Stored entries
________

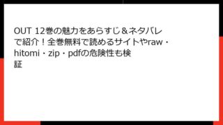 OUT OUT 12巻の魅力をあらすじ&ネタバレで紹介!全巻無料で読めるサイトやraw・hitomi・zip・pdfの危険性も検証
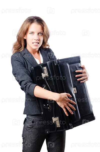 Бизнес-леди с чемоданом на белом фоне
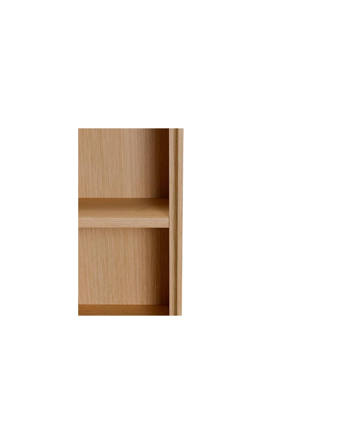 Contenedor de pared TULSA en chapa de roble natural. Con estantes interiores y apertura push, es perfecto para un almacenamiento elegante y discreto.
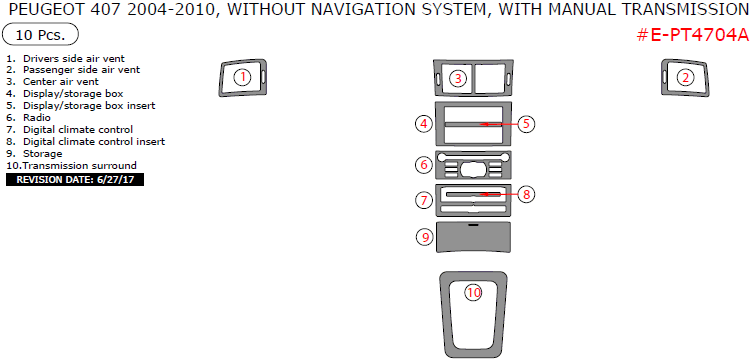 We offer a wide variety of colors and materials of Peugeot 407 2004, 2005, 2006, 2007, 2008, 2009, 2010, Interior Dash Kit, Without Navigation System, With Manual Transmission, 10 Pcs. Choose your favourite option and place an order.
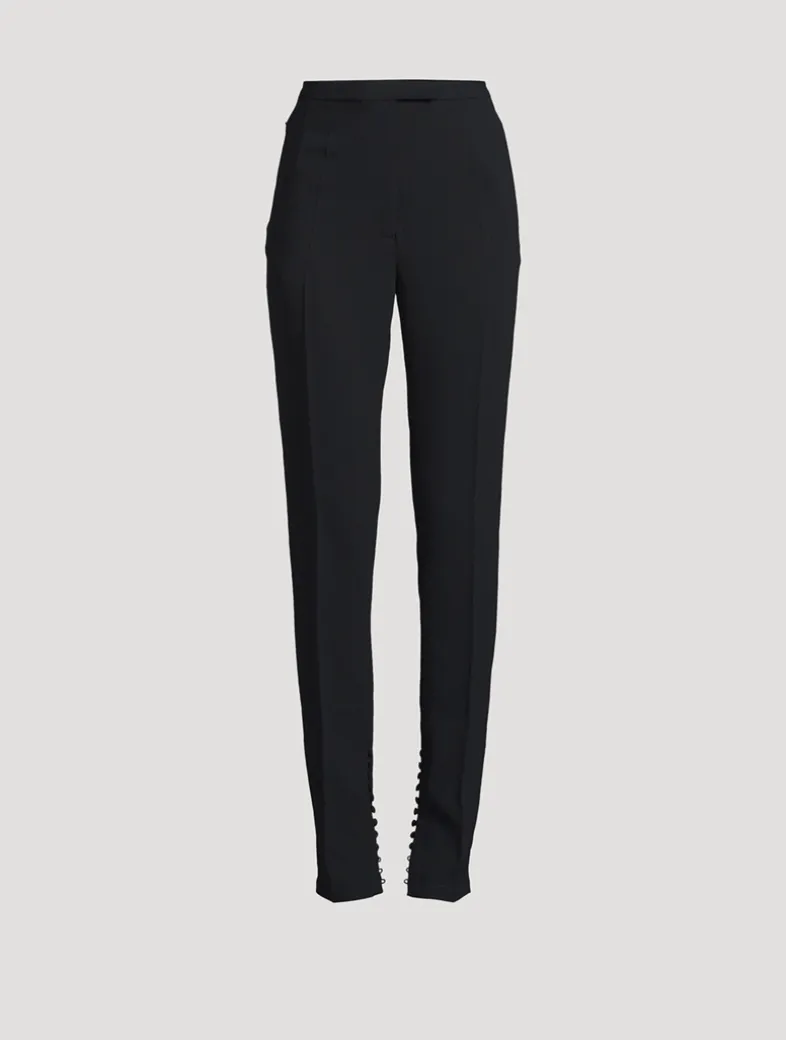 These tailored trousers are crafted from crêpe and cut to a slim-leg silhouette with covered buttons at the cuffs that can be used to create a flared hem.
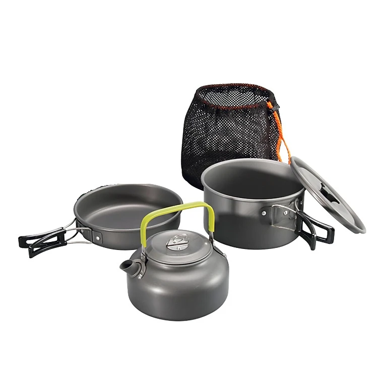 Bộ nồi cắm trại dã ngoại 2-3 người thích hợp cho 2-3 người. Bộ sản phẩm gồm: 1 nồi, 1 chảo rán, 1 ấm đun nước, phụ kiện chén bát và 1 túi đựng sản phẩm. Sản phẩm được làm bằng nhôm nhập khẩu, oxy hóa nhôm cứng cao cấp, chịu nhiệt độ cao và ma sát. Ngoài ra, bộ sản phẩm được đựng trong túi đựng tiện dụng, gọn gàng.
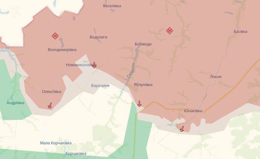 Армия России продвинулась под Николаевкой в Сумской области и пяти селами в Запорожской — Новоивановкой, Охотничье, Малиновкой, Вишневым и в Полтавке, — украинские ресурсы
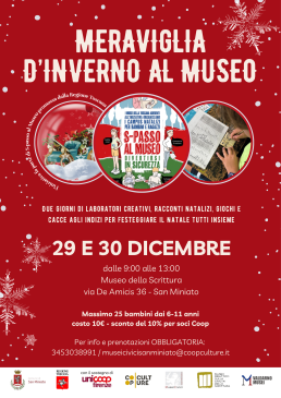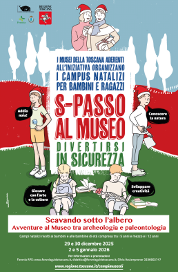 Nelle settimane dal 24 dicembre 2025 al 6 gennaio 2026 ritorna l’iniziativa “S-Passo al Museo, Campi natalizi” nei musei aderenti della Toscana. I musei della Toscana aprono le porte a bambini e ragazzi che vogliono divertirsi in maniera diversa: educatori museali qualificati hanno creato appositamente progetti che includono laboratori ludico-didattici, attività di gruppo, di scoperta dei territori e riscoperta delle tradizioni.
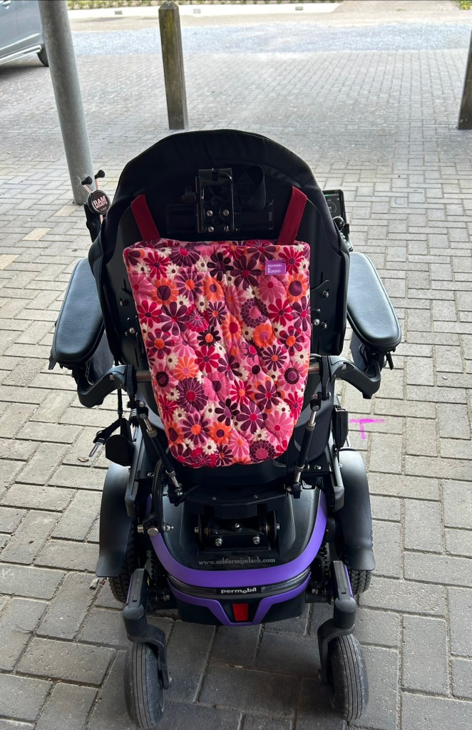 Ook heb ik een leuk tasje gemaakt voor mijn elektrische rolstoel .Ik merkte dat mijn haken voor de tas aan te hangen redelijk laag bevestigd zijn . Dus een tas is vaak te lang . En zoals jullie mij al kennen probeer ik dan een oplossing te vinden . Bij deze dus een op maat gemaakte tas . Zeer ruim want heeft een grote bodem . En natuurlijk kies ik dan ook een vrolijk stofje . Past ook perfect bij mijn rolstoel .
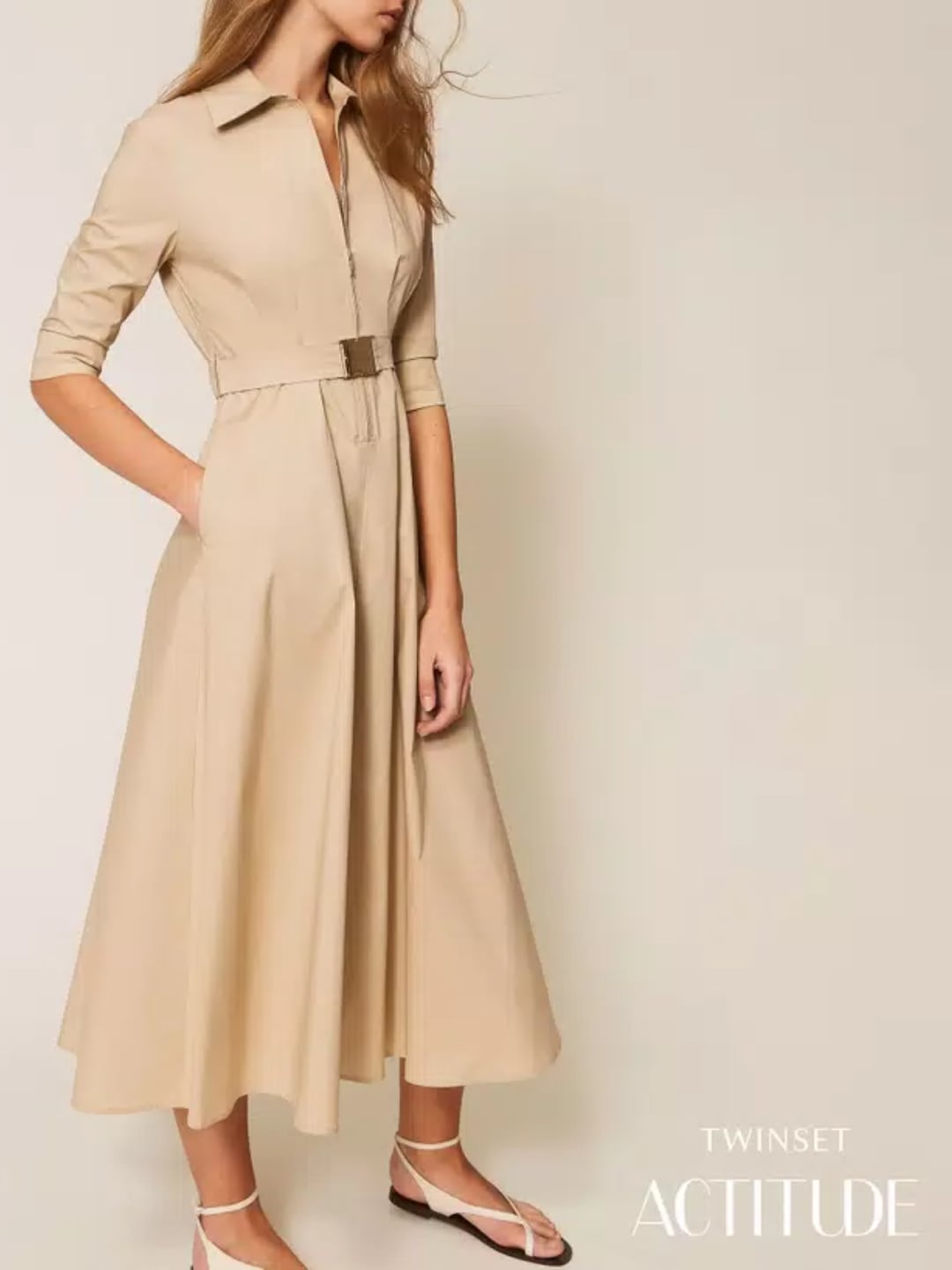 Twinset Abito lungo in popeline con cintura Beige Safari
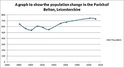 The earliest record of population in Belton was in 1801, when there was a total of 586 residents in the area. This increased steadily for 50 years to 751. However, a gap in the dataset from 1851 to 1881 shows there was a significant drop between here to 645. From 1881 there was a steady decline until 1911, where after that there has been a steady increase to a current population of 734.[9] This could be down to the boundary changes that happened between 1931 and 1934 which changed the acreage and population of Belton.[10] The 2011 census recorded that 49% of the village was male and 51% female which suggests the gender distribution is rather well balanced.[11]
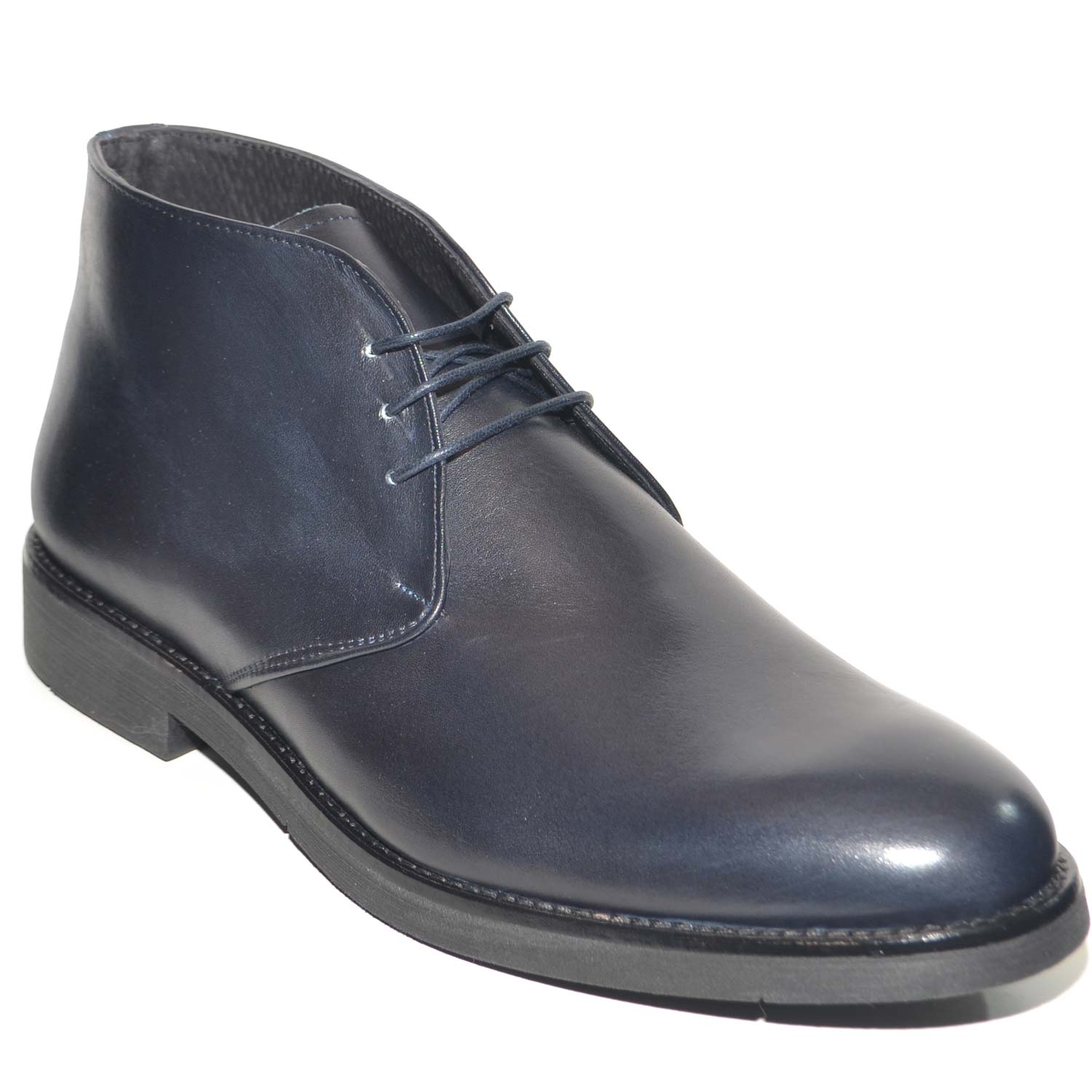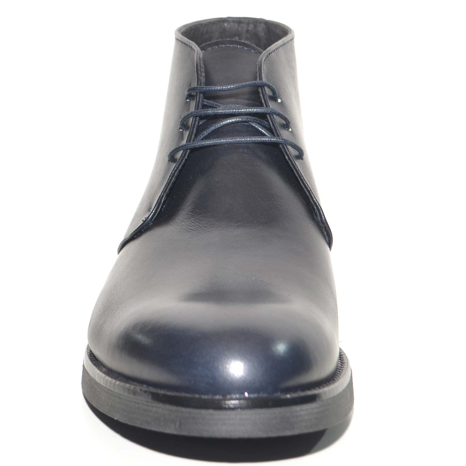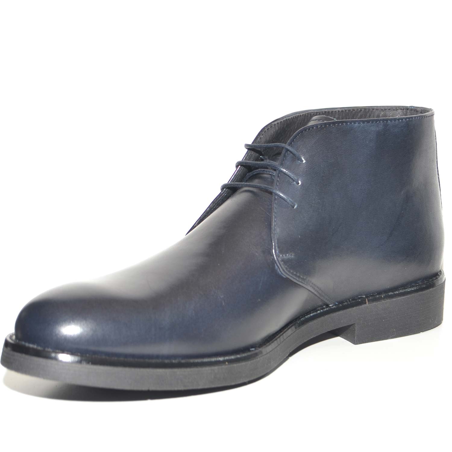 Polacchino uomo invernale in vera pelle vitello blu comfort basic stile italiano scarpe da professionista handmade
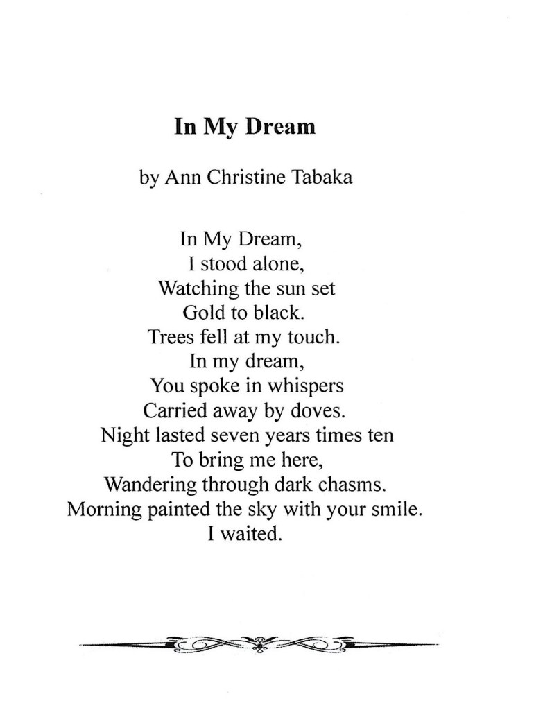 I am super thrilled to have my poem “In My Dream” published by The Nightingale Poetry Journal. Thank you, editor Claire Langston!
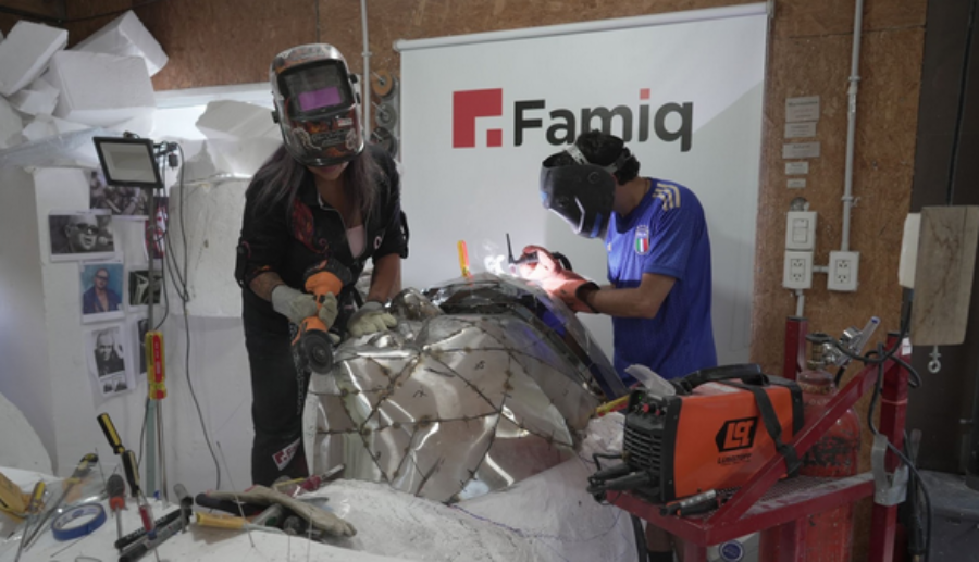 El desarrollo de la obra se apoyó en el trabajo conjunto de distintos actores. Se destaca la colaboración técnica y creativa del escultor Mauro De Giuseppe, el apoyo de las empresas Famiq y Lüsqtoff, y la gestión general del proyecto a cargo de Leo Kite, con el acompañamiento de We Represent Art.
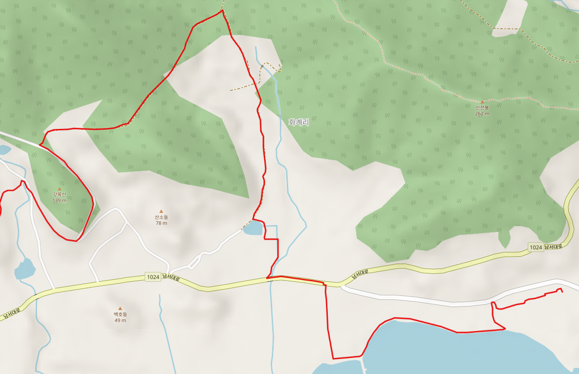 1024번 지방도 남서대로 도로변을 잠시 걷다가 개천 이후로 우회전하여 호구산을 향해 간다.
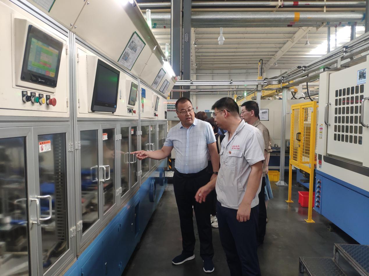 首先,在公司副总经理包广利的陪同下,罗海玉一行参观了公司产品陈列室及四大分厂。包广利就产品生产加工过程,新型数控生产线、信息化系统运用等情况进行了详细介绍。
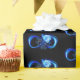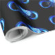 Luminous infinity symbol with glowing, beautiful, lushly blooming rose made of blue flames on black background.
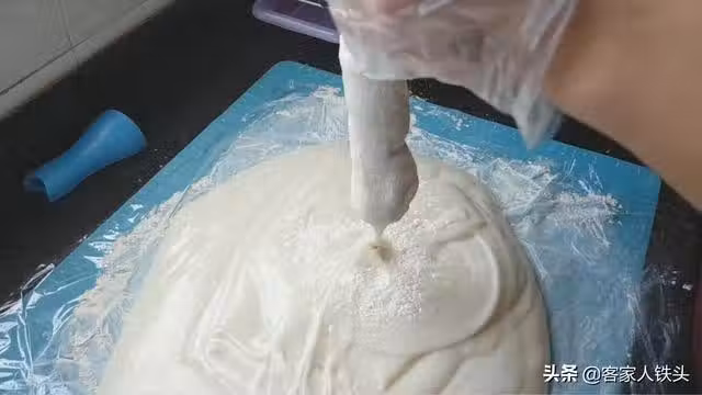 第九步:我們來開始做客家糯米糍了,取小團,粘點熟糯米粉,把它揉圓,按扁,裝適量芝麻花生餡,慢慢收口,把它包起來

________

■ What is expected:
Would you give again, exactly as written, the lines from the one containing "El desarrollo de" through the end of the records, with no pictures and no other lines?

■ Response to this task:
 El desarrollo de la obra se apoyó en el trabajo conjunto de distintos actores. Se destaca la colaboración técnica y creativa del escultor Mauro De Giuseppe, el apoyo de las empresas Famiq y Lüsqtoff, y la gestión general del proyecto a cargo de Leo Kite, con el acompañamiento de We Represent Art.
 1024번 지방도 남서대로 도로변을 잠시 걷다가 개천 이후로 우회전하여 호구산을 향해 간다.
 首先,在公司副总经理包广利的陪同下,罗海玉一行参观了公司产品陈列室及四大分厂。包广利就产品生产加工过程,新型数控生产线、信息化系统运用等情况进行了详细介绍。
 Luminous infinity symbol with glowing, beautiful, lushly blooming rose made of blue flames on black background.
 第九步:我們來開始做客家糯米糍了,取小團,粘點熟糯米粉,把它揉圓,按扁,裝適量芝麻花生餡,慢慢收口,把它包起來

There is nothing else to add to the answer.